When you co-sign for a loan, chances are it’s because the loan applicant’s credit history isn’t great. It may even be nonexistent, in the case of young people who haven’t had the chance to prove that they are credit-worthy.
Lenders know that the more individuals responsible for the payback of the loan, the lower the lender’s risk. That’s why many lenders require a co-signer for loans made to individuals who have a poor credit history, or no credit history.
When you co-sign for a car loan for a kid off to college, or co-sign a lease so your scholar can live off campus, you assume full responsibility for the timely payment of that loan in the event that the primary loan recipient fails to make payments.
For this reason, some experts say it’s never a good idea to co-sign for a loan*– even if it’s a loan for someone you trust. Example?

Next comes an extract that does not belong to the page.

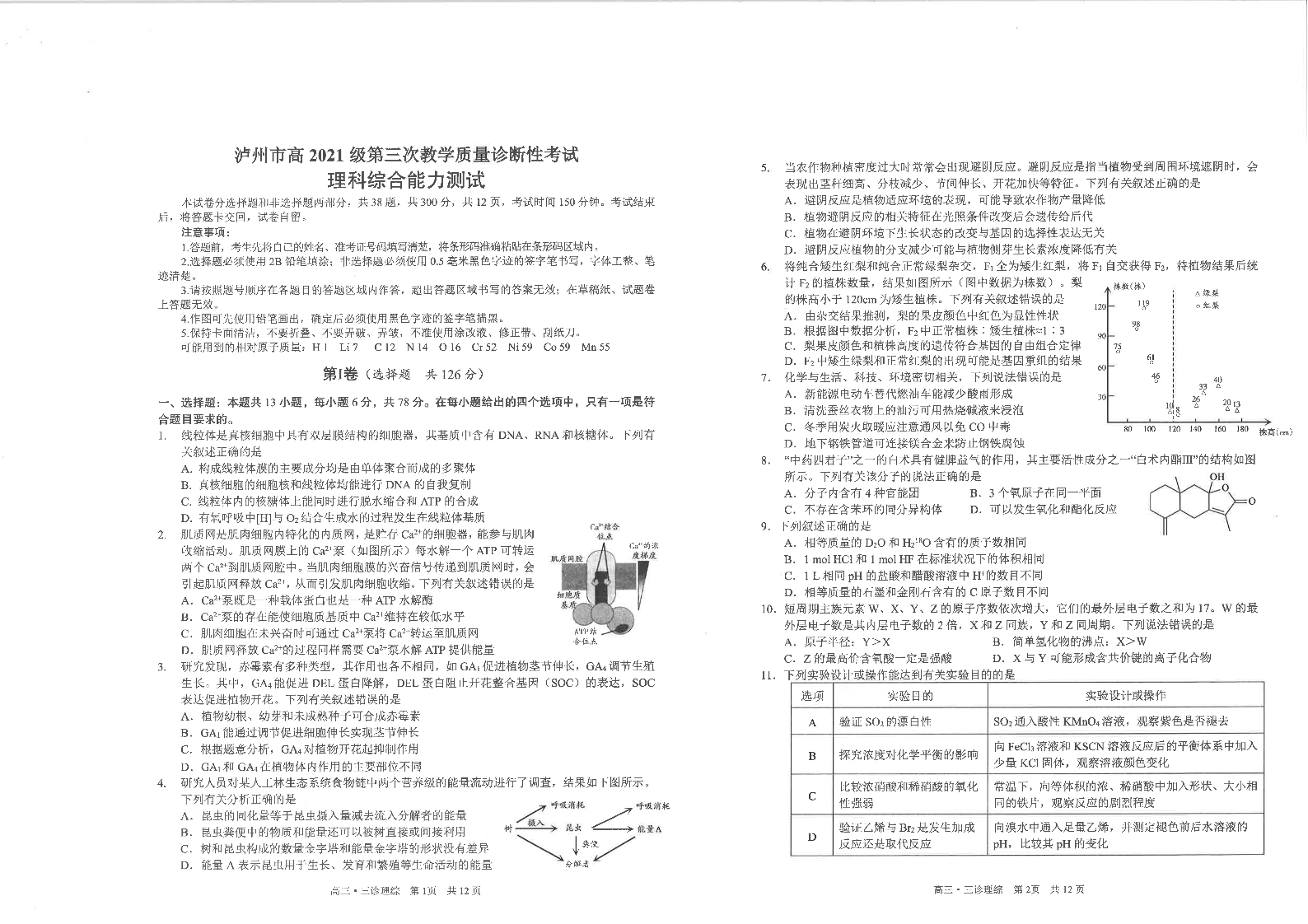 四川省泸州市高2021级第三次教学质量诊断性考试(泸州三诊)理综

You co- sign a car loan for your brother. He loses his job and moves out of town, but you’re still responsible for making those car payments if he doesn’t – even if you don’t have the car!
As the co-signer on a loan, you assume responsibility for the payback of that loan. If the primary loan holder doesn’t pay back the loan, and you’re stuck making payments – late payments – it could have a negative impact on your pristine credit history, not to mention the negative hit you take each month paying off someone else’s debt.
Is It Ever a Good Idea to Co-Sign for a Loan?
In most cases, the answer is simple. No. You shouldn’t co-sign for a loan, simply because you have little or no control over whether that loan will be paid off in a timely fashion.
However, there are times when it may be necessary to co-sign for a loan. A child going off to school probably doesn’t have a credit history, so he or she may need you to co-sign for a credit card, an apartment lease, a car, or some other necessary expense.
Can You Get Out from Under?
What can a co-signer do in the case of a loan default by the loan recipient? In many cases, there isn’t much the co-signer can do once the loan agreement is in place. However, some lenders will change terms as the loan recipient’s circumstances change.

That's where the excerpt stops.